A verbatim copy of the full data, with no pictures, is the expected answer.

─── Exercise data

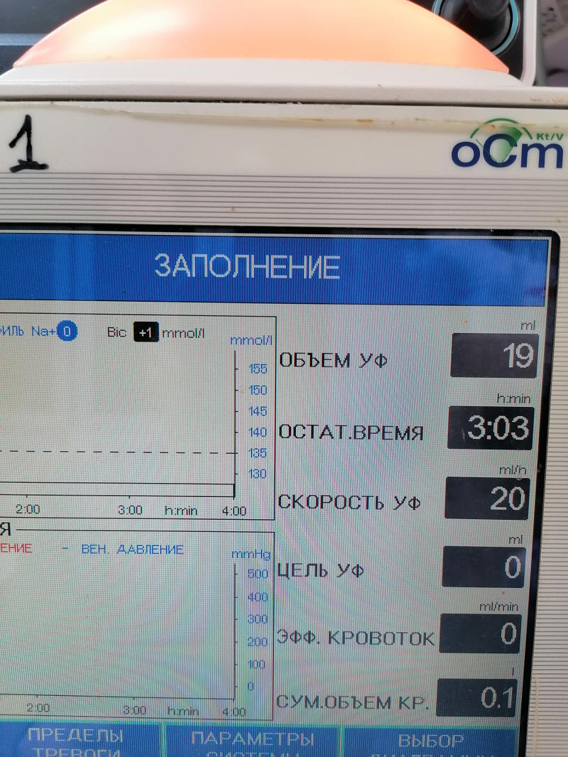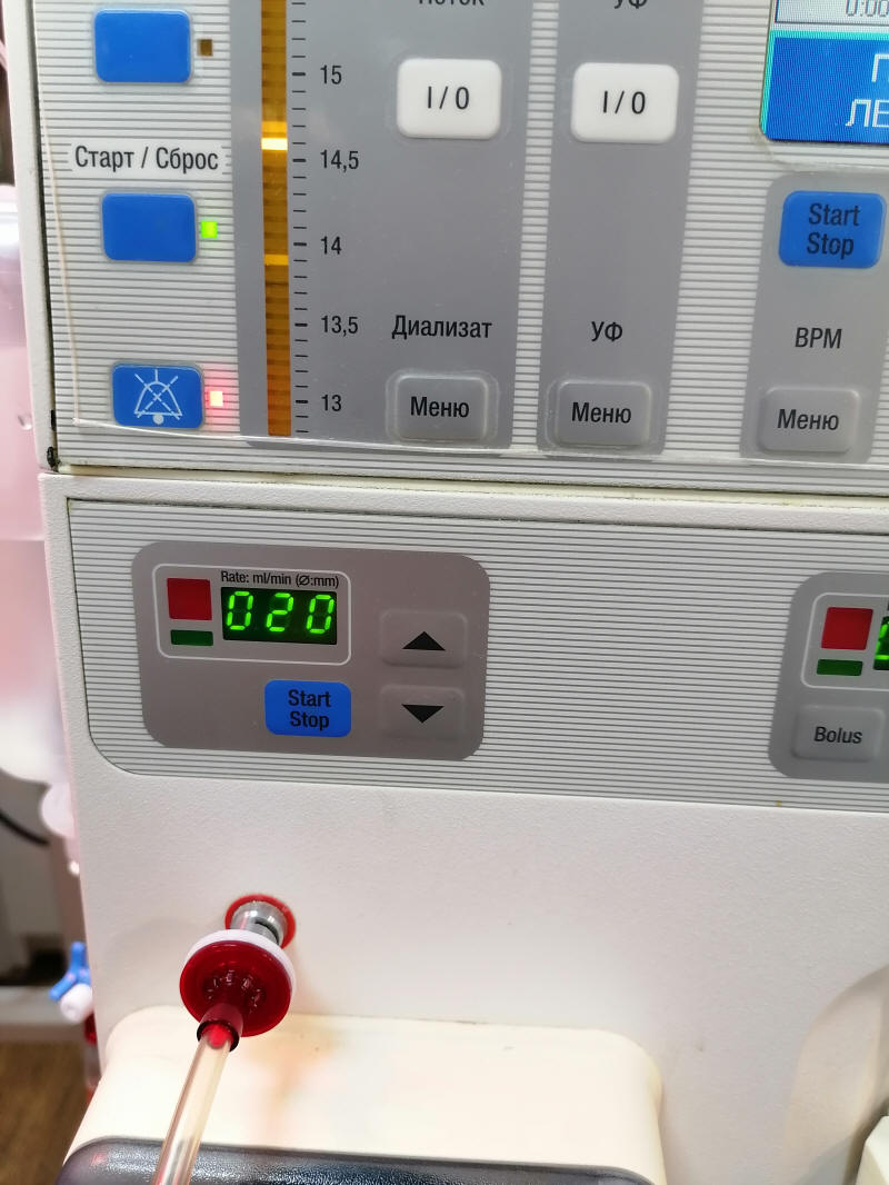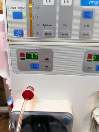 Индикатор насоса крови выключен. Настраиваем параметры насоса крови.
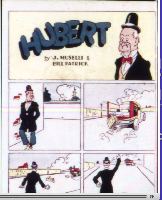 “Hubert” by J. Muselli and Bill Patrick appears for the first time with two pages in color. It’s an unusual comic, almost surrealistic. There is no dialogue. Hubert, a sort of British Buster Keaton type sees a box of magnets fall off a truck. He puts them in his pockets and when he passes by a construction area with a huge steel beam it picks him up. The character is interesting and the artwork is well-done with strong pencils.
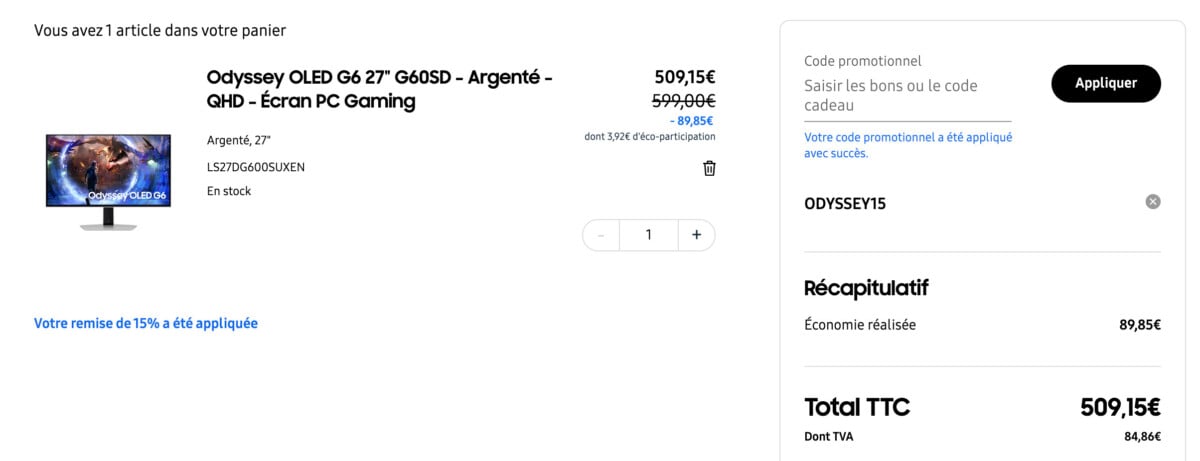 Initialement vendu à 899 euros, actuellement proposé à 599 euros, l’écran PC Samsung Odyssey OLED G6 (G60SD) peut être acquis pour 509,15 euros sur le site de Samsung grâce au code promo ODYSSEY15.

──────

The completed task >>
 Индикатор насоса крови выключен. Настраиваем параметры насоса крови.
 “Hubert” by J. Muselli and Bill Patrick appears for the first time with two pages in color. It’s an unusual comic, almost surrealistic. There is no dialogue. Hubert, a sort of British Buster Keaton type sees a box of magnets fall off a truck. He puts them in his pockets and when he passes by a construction area with a huge steel beam it picks him up. The character is interesting and the artwork is well-done with strong pencils.
 Initialement vendu à 899 euros, actuellement proposé à 599 euros, l’écran PC Samsung Odyssey OLED G6 (G60SD) peut être acquis pour 509,15 euros sur le site de Samsung grâce au code promo ODYSSEY15.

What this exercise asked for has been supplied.